▶ **Activity**
Look below for the line that contains "A sleek, minimalistic" and the line that contains "It does not", then restate both of them and every line in between, exactly. No picture goes in the copy.

▶ **Material for this task**
•••••
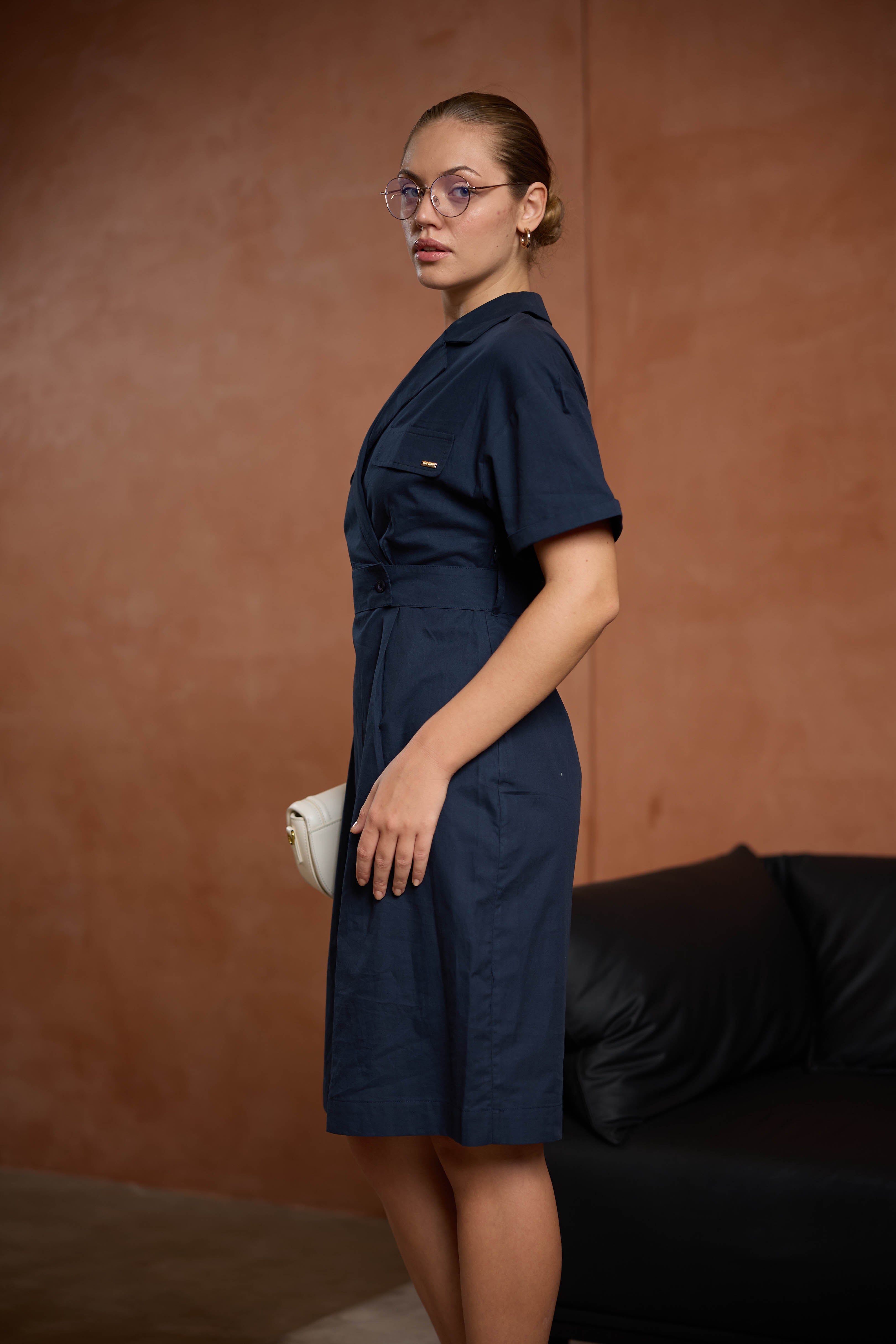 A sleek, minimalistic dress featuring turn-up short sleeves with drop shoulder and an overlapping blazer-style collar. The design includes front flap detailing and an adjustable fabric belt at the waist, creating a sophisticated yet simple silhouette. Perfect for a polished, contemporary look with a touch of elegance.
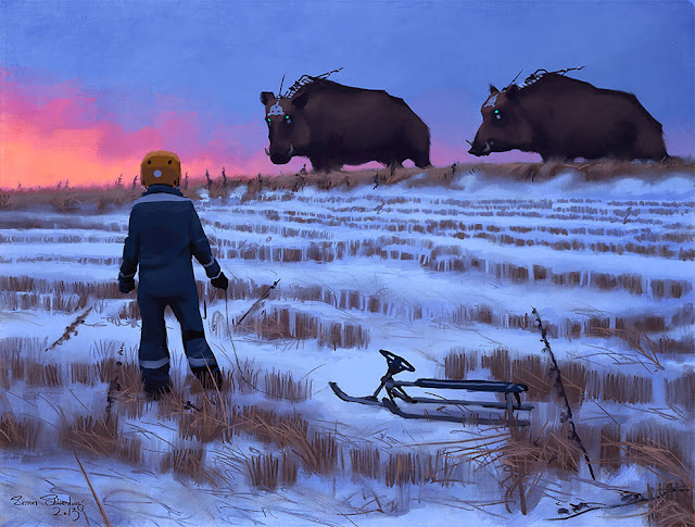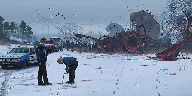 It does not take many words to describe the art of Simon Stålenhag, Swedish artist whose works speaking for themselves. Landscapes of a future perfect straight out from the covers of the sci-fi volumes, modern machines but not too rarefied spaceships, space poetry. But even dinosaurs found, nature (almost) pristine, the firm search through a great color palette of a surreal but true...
•••••
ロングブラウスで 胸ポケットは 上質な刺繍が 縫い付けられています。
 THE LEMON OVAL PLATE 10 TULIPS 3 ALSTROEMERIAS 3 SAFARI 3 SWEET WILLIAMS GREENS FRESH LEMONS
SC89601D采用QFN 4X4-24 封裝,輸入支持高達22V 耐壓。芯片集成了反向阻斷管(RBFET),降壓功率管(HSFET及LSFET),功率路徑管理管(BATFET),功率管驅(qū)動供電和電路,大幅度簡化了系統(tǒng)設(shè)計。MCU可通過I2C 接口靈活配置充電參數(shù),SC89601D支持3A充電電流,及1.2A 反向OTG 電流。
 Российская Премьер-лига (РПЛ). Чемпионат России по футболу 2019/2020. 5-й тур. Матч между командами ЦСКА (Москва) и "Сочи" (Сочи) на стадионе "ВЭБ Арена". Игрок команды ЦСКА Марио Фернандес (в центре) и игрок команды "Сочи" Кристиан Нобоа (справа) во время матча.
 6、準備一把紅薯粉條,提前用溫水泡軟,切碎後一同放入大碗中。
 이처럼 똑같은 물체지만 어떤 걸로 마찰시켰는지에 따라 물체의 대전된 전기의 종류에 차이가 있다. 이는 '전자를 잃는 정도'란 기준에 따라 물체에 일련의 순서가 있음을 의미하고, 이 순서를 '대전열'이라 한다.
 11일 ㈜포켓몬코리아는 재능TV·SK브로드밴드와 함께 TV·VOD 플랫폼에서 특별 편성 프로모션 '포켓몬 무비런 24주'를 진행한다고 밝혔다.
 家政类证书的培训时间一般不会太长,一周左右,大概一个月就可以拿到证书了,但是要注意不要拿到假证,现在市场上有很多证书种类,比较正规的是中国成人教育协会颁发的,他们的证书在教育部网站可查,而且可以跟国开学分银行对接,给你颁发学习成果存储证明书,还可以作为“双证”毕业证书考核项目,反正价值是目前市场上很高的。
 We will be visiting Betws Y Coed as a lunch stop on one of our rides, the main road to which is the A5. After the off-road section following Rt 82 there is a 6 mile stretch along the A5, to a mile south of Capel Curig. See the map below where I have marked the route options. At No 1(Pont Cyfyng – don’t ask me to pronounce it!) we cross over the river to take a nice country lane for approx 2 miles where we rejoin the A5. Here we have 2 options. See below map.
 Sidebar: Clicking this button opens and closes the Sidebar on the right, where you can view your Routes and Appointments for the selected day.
•••••
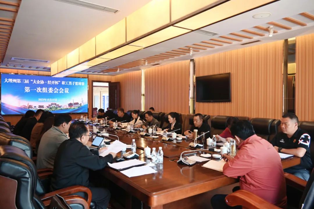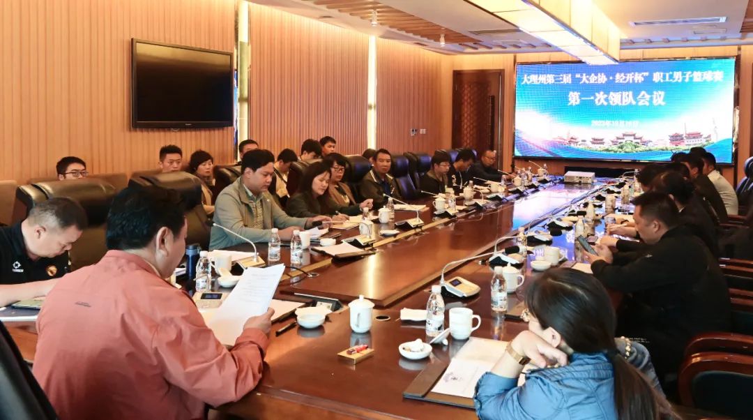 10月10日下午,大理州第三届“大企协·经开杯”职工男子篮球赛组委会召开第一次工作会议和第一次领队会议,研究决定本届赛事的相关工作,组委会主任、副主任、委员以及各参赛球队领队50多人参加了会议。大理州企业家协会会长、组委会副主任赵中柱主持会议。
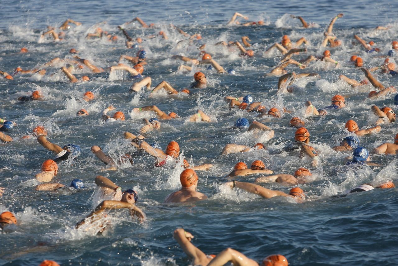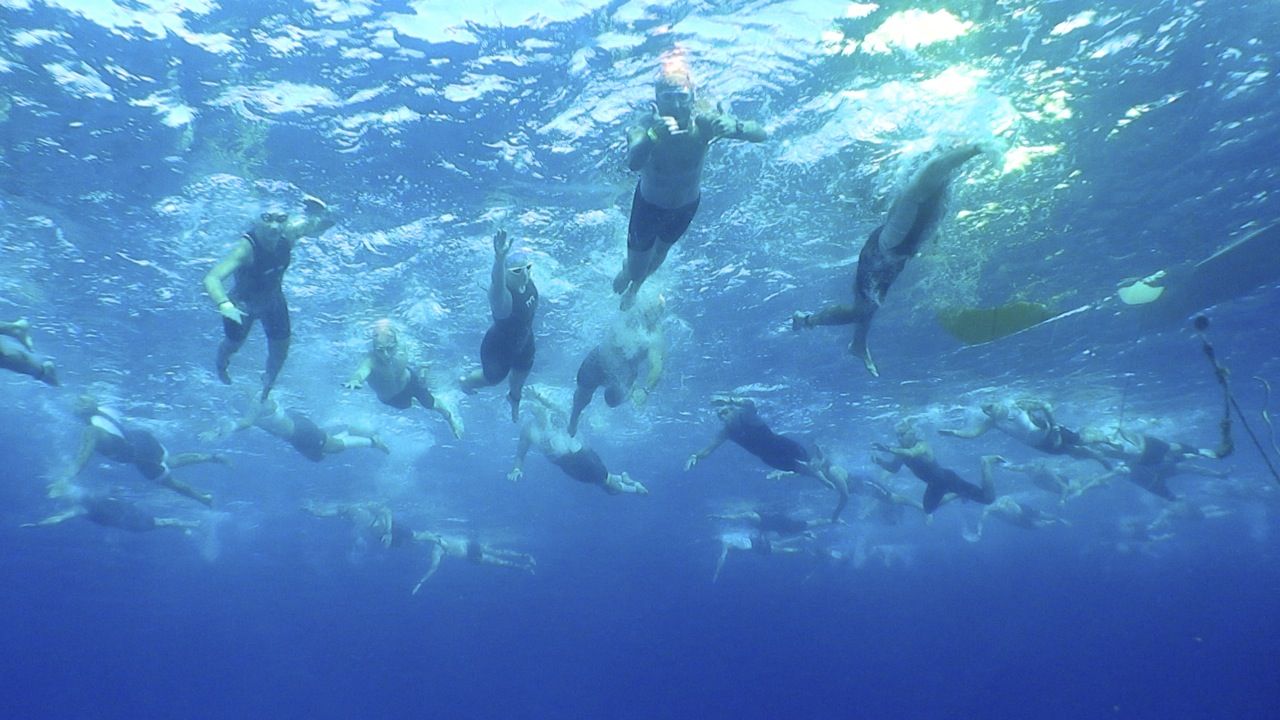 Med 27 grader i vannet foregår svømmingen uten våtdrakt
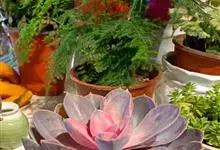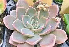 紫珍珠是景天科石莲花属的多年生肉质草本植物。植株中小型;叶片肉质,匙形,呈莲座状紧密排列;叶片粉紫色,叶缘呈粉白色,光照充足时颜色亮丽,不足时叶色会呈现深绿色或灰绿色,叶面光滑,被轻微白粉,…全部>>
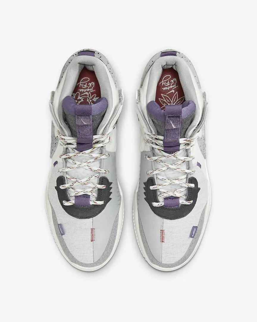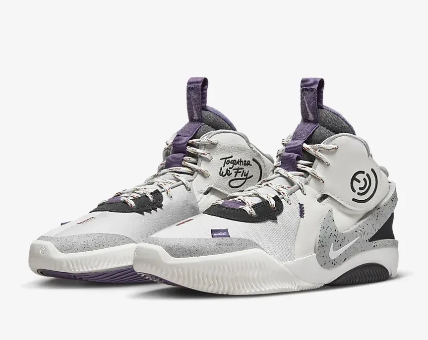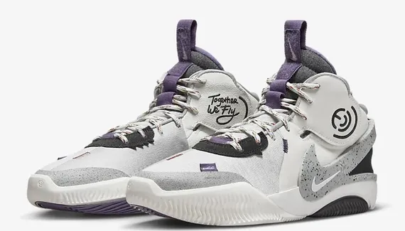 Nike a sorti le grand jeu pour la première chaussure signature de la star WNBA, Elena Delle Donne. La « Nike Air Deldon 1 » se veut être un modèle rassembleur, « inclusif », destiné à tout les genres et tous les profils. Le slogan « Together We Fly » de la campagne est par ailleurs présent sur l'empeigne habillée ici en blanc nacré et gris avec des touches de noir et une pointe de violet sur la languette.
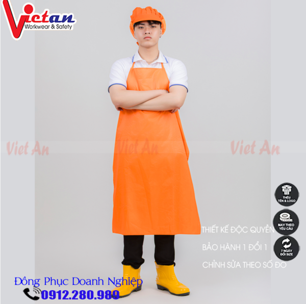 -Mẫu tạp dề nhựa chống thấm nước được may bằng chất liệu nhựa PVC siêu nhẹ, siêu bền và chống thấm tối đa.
•••••
▶ **Result**
 A sleek, minimalistic dress featuring turn-up short sleeves with drop shoulder and an overlapping blazer-style collar. The design includes front flap detailing and an adjustable fabric belt at the waist, creating a sophisticated yet simple silhouette. Perfect for a polished, contemporary look with a touch of elegance.
 It does not take many words to describe the art of Simon Stålenhag, Swedish artist whose works speaking for themselves. Landscapes of a future perfect straight out from the covers of the sci-fi volumes, modern machines but not too rarefied spaceships, space poetry. But even dinosaurs found, nature (almost) pristine, the firm search through a great color palette of a surreal but true...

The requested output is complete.